In my last post, I made a bold statement: A coaching leader is a winning leader. A coaching leader wins over his or her teams with this empowering approach to leadership.
When leader friends hear me talk about being a “coaching leader” or taking a “coach approach” to leadership, their next questions are usually:
How do I become a coaching leader?
How do I take a coach approach to leadership?
In her excellent book, Christ-Centered Coaching, Jane Creswell, MCC shares that coaching leaders must develop two kinds of skills: input skills and output skills.
For today’s post, let’s take a quick look at the 3 primary input skills:
1) Listening: A coaching leader must constantly hone her active listening skills. An active listener is fully engaged: mentally and physically present in the conversation. You’ll also want to do everything you can to avoid distractions and give your team member your full attention.
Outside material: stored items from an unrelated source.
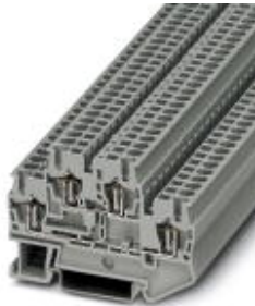
Double-level spring-cage terminal block, Cross section: 0.08 mm 2 - 4 mm 2 , AWG: 28 - 12, Connection type: Spring-cage connection, Width: 5.2 mm, Color: gray, Mounting type: NS 35/7,5, NS 35/15

Please be informed that the data shown in this PDF Document is generated from our Online Catalog. Please find the complete data in the user's documentation. Our General Terms of Use for Downloads are valid ( http://download.phoenixcontact.com )
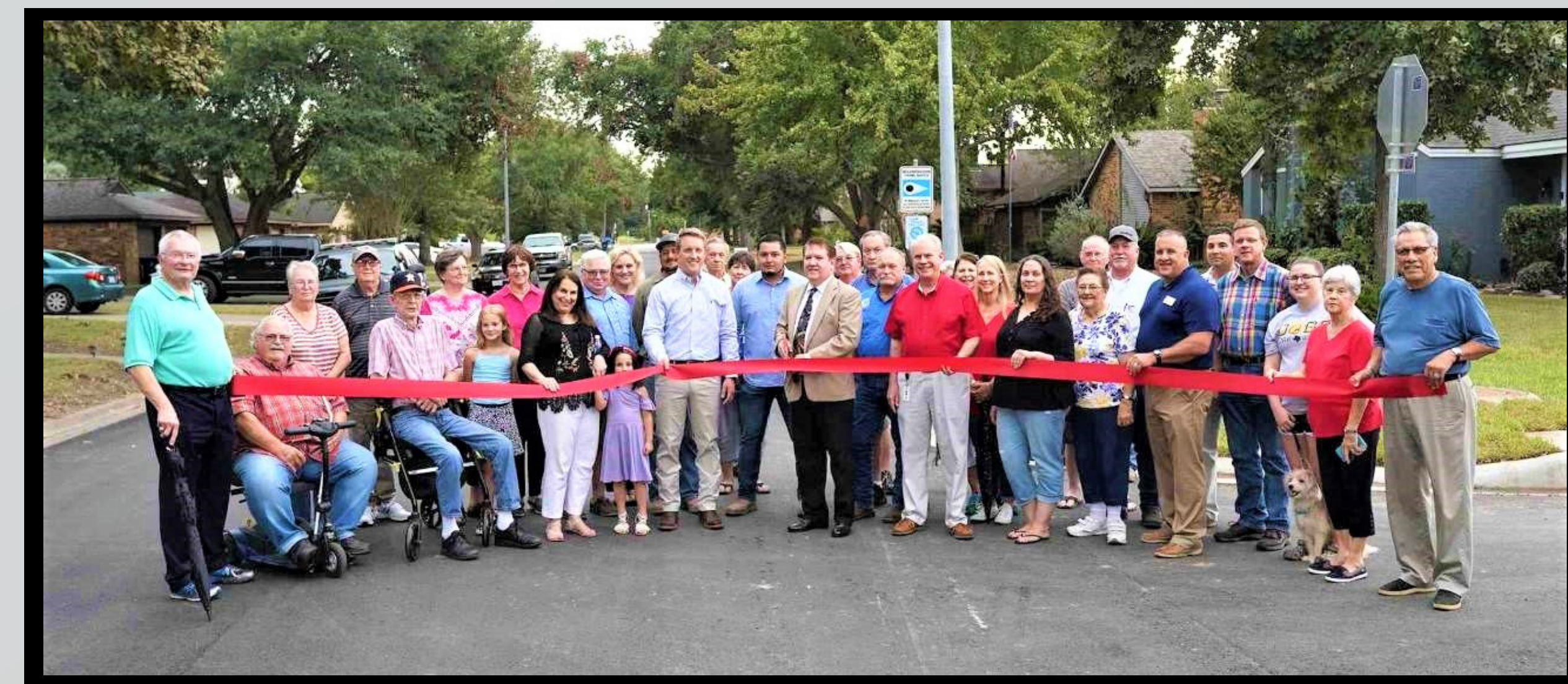
The storm drainage project to improve storm water runoff conditions within the Glenmeadow area is now complete. Pictured are members of the community along with Mayor Benton, Commissioner Morales, Councilor Wallingford & Mayor Pro Tem Raines at the Ribbon Cutting Ceremony held August 23, 2019.
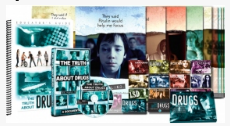
Drug-Free World provides these materials for free in 22 languages

among students here at the Division of Quirino. The materials shall be given to schools for
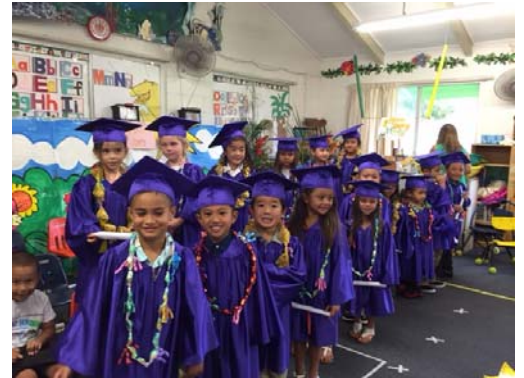
30th Graduating Class of Makawao Hongwanji Preschool.
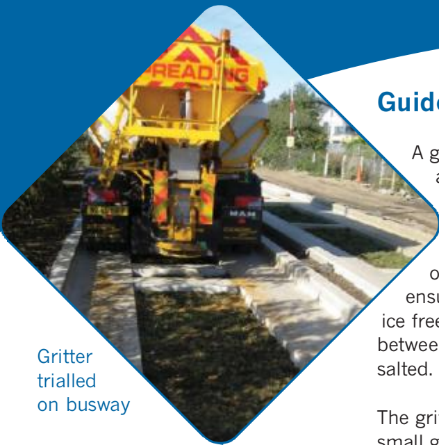
Gritter trialled on busway
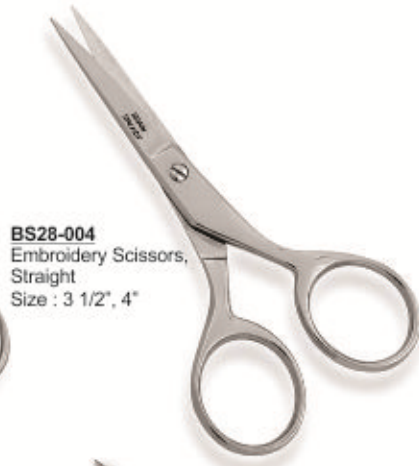
BS28-004 Embroidery Scissors, Straight Size : 3 1/2", 4"
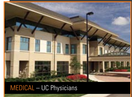
MEDICAL – UC Physicians
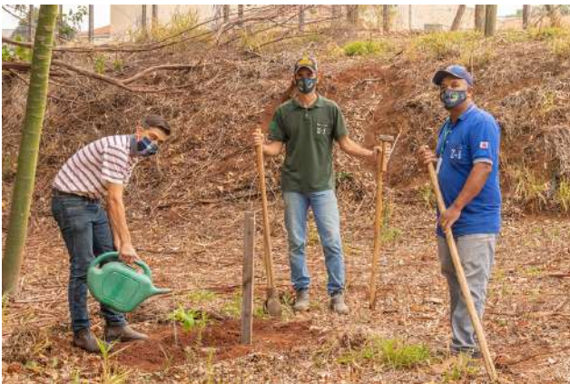
Figure 13: Muzambinho Campus celebrates Tree Day with around 60,000 seedlings donated in 2 years.
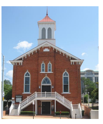
Dexter Ave. Baptist Church Montgomery, Alabama
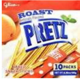
HTI045 (6.35oz x 5) x 8 GU15312 固力高百力枝-烘烤 (聚会包)(12M) GLICO PRETZ PARTY PK- ORIGINAL (SALAD)

Let the person complete his or her thoughts; do not interrupt. Finally, active listening requires you to stay in the moment; try with all of your might not to mentally jump to conclusion or solutions.
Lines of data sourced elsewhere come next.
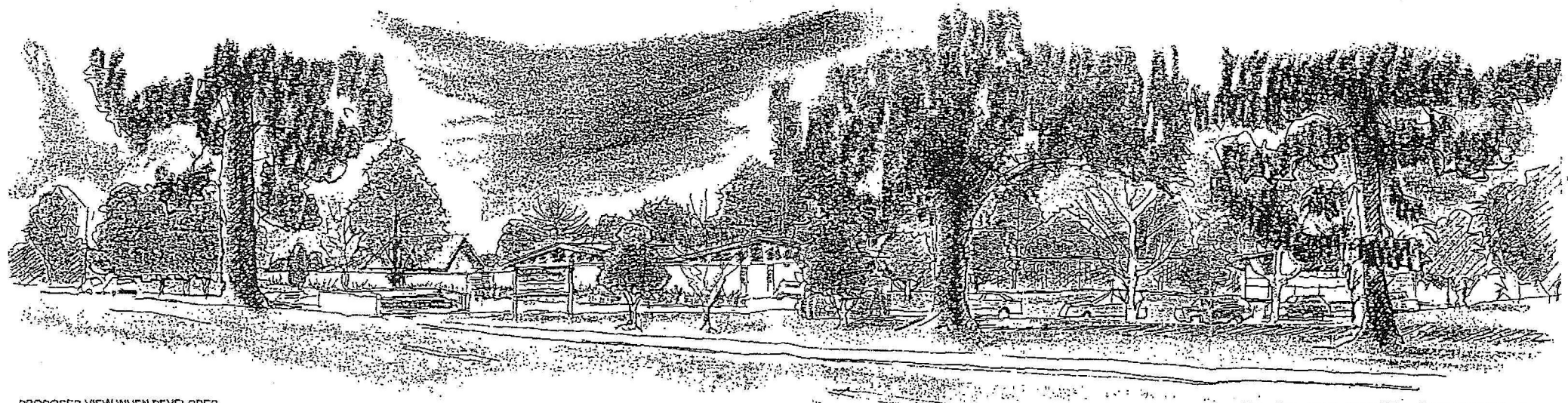
PROPOSED VIEW WHEN DEVELOPED
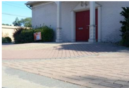
Front entrance patio graded down to sidewalk level

The two restrooms have been enlarged and modernized for handicap accessibility. A separate closet and water fountain have been set up in the lobby area and the doors to the classrooms and office have been modified to ADA requirements.
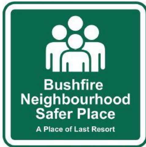
This is the signage that will identify a Neighbourhood Safer Place – Place of Last Resort.
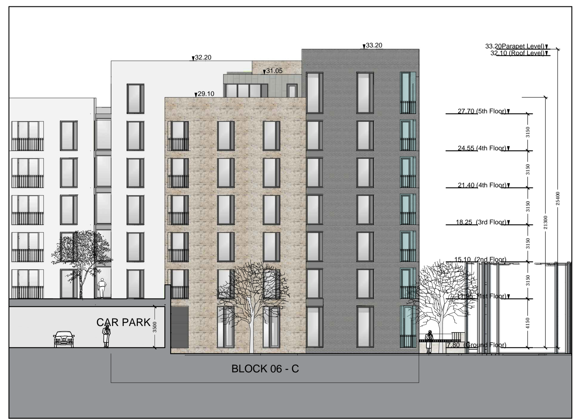
B06 - C - SOUTH ELEVATION Scale 1:200
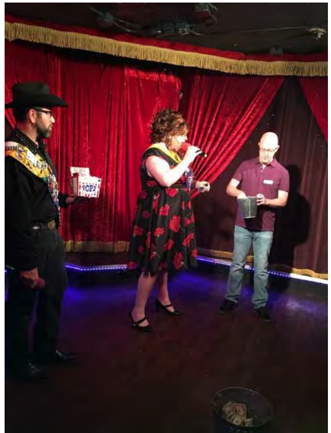
Thanks to Gene Dockins for selling raffles
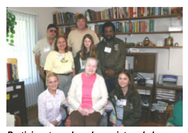
Participants and workers pictured above

As in the past, the morning began with a breakfast for all participants where they received their assignments for the day. The breakfast gives new volunteers the opportunity to learn from the "Old Timers" what the day should hold, and how to deal, the most effectively with the participants.
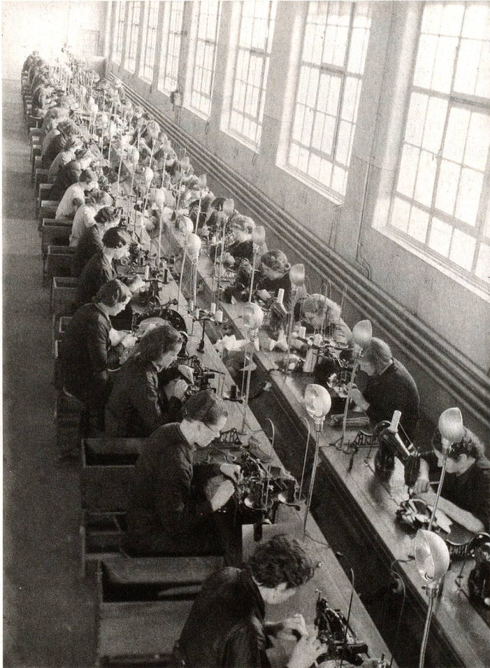
Seamstresses, taken around 1940
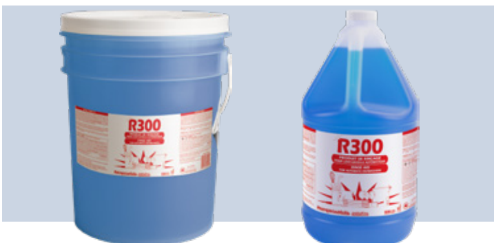
R300PN1 – 20 L
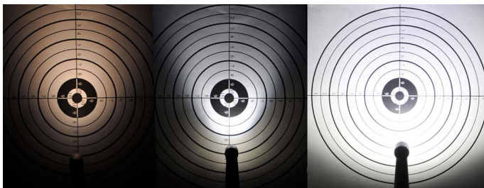
Fiber Optic Halogen Bulb

AirLight offers many advantages compared to the traditional fiber optic whether it has halogen or LED bulb. The light bulb of traditional fiber optic located on the tubing or the coupler. The light is then conducted by a fiber optic rod to the head of the handpiece. As a result, the intensity is reduced during the transition and the coverage is limited. Additionally, the fiber optic rod gets degraded over time with autoclaving, and your light becomes getting dimmer and yellowish. Eventually, you will have to replace the fiber optic rod.

2) Observing: A coaching leader is a keen observer. Pay close attention not only to the content but also the context and language your team member uses. Observe the body language and what it communicates about what he or she is feeling or thinking. Also take note of when that individual shows great enthusiasm or energy around an example. Conversely, be sure and note when a story seems to drain the energy right out of that team member.
3) Receiving insight from the Holy Spirit: A Christian coaching leader will be constantly receiving insight into the situation from the Holy Spirit. Be in a spirit of prayer before, during, and after your conversation. Ask God for help in discerning what and how to share or encourage your team member.